**Records to process**
—————

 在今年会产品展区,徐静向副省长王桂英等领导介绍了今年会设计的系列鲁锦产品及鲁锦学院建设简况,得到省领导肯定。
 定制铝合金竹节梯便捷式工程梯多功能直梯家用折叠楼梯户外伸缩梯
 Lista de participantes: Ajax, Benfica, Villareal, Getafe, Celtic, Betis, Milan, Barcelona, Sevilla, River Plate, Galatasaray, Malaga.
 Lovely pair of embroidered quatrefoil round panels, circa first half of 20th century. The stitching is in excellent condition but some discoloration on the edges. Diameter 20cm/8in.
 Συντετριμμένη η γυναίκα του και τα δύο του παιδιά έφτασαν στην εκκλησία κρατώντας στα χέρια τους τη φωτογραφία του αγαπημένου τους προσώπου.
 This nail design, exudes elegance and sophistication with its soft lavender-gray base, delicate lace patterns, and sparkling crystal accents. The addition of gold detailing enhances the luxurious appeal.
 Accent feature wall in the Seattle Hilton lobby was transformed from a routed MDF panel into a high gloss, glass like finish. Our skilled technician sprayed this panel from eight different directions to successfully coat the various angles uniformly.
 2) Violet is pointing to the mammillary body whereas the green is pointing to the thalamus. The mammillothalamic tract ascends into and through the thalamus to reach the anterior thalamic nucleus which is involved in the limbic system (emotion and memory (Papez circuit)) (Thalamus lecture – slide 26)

—————

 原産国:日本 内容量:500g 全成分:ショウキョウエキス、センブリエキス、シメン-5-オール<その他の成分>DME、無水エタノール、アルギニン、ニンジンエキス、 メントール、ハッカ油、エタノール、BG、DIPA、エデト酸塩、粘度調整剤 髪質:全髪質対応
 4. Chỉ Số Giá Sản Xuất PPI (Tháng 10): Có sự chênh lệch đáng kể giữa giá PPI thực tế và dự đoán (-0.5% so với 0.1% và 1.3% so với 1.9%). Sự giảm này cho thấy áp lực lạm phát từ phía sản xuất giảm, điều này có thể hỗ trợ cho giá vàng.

—————

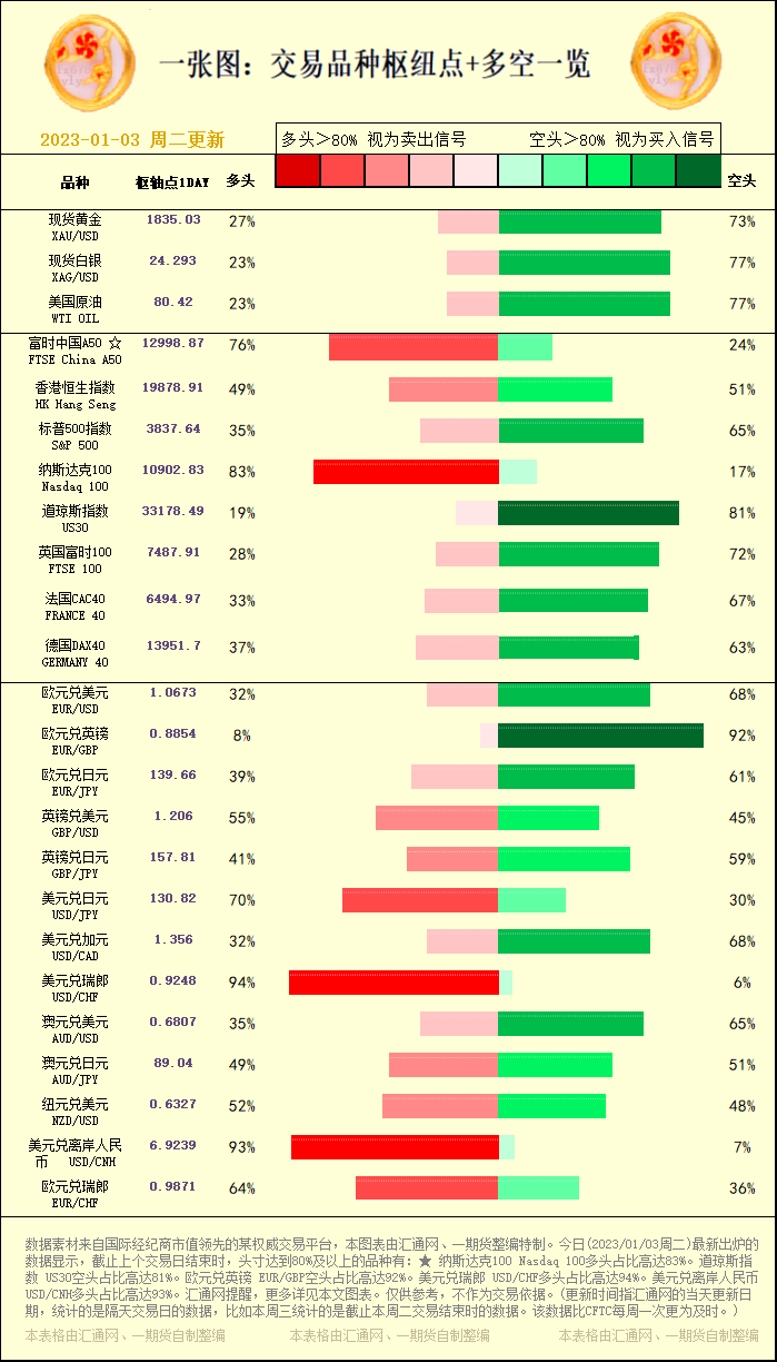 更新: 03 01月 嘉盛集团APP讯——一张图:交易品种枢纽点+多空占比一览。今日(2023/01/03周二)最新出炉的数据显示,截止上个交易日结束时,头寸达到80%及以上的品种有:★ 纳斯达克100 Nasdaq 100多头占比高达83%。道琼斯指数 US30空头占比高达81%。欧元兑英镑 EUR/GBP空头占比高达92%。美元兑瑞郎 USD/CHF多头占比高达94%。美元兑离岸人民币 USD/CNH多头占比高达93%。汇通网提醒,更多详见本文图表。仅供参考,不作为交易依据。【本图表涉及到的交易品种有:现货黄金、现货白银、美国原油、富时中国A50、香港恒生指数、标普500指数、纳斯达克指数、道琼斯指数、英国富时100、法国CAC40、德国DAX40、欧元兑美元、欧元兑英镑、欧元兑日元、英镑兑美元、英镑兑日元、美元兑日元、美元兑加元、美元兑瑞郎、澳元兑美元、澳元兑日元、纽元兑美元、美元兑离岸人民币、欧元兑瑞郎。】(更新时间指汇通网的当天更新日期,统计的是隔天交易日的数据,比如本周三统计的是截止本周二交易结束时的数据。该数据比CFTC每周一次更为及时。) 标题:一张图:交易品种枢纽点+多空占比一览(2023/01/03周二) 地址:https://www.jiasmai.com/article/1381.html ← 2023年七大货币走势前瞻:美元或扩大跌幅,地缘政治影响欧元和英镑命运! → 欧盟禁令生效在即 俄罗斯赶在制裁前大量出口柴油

—————

Please copy each line of the entries in which the word "into" shows up.

 Accent feature wall in the Seattle Hilton lobby was transformed from a routed MDF panel into a high gloss, glass like finish. Our skilled technician sprayed this panel from eight different directions to successfully coat the various angles uniformly.
 2) Violet is pointing to the mammillary body whereas the green is pointing to the thalamus. The mammillothalamic tract ascends into and through the thalamus to reach the anterior thalamic nucleus which is involved in the limbic system (emotion and memory (Papez circuit)) (Thalamus lecture – slide 26)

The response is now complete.